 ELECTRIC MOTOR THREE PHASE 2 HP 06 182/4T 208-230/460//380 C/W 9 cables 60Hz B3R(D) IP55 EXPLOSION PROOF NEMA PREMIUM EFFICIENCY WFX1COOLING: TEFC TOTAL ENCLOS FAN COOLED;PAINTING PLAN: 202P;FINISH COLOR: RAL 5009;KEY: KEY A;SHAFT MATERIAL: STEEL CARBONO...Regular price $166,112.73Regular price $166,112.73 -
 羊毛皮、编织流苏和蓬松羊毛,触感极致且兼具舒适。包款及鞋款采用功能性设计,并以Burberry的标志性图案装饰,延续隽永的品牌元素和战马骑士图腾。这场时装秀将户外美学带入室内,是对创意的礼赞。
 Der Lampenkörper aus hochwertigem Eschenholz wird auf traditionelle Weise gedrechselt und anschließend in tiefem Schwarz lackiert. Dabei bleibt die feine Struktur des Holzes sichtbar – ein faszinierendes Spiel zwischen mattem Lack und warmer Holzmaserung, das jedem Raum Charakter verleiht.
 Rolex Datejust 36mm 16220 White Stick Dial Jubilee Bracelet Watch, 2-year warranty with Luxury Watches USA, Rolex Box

• _ABOUT THIS TASK_
Take the line that holds "羊毛皮、编织流苏和蓬松羊毛,触感极致且兼" as the first and the last line of the material as the final one. Print that span exactly, both ends included.

• _OUTPUT OF THE EXERCISE_
 羊毛皮、编织流苏和蓬松羊毛,触感极致且兼具舒适。包款及鞋款采用功能性设计,并以Burberry的标志性图案装饰,延续隽永的品牌元素和战马骑士图腾。这场时装秀将户外美学带入室内,是对创意的礼赞。
 Der Lampenkörper aus hochwertigem Eschenholz wird auf traditionelle Weise gedrechselt und anschließend in tiefem Schwarz lackiert. Dabei bleibt die feine Struktur des Holzes sichtbar – ein faszinierendes Spiel zwischen mattem Lack und warmer Holzmaserung, das jedem Raum Charakter verleiht.
 Rolex Datejust 36mm 16220 White Stick Dial Jubilee Bracelet Watch, 2-year warranty with Luxury Watches USA, Rolex Box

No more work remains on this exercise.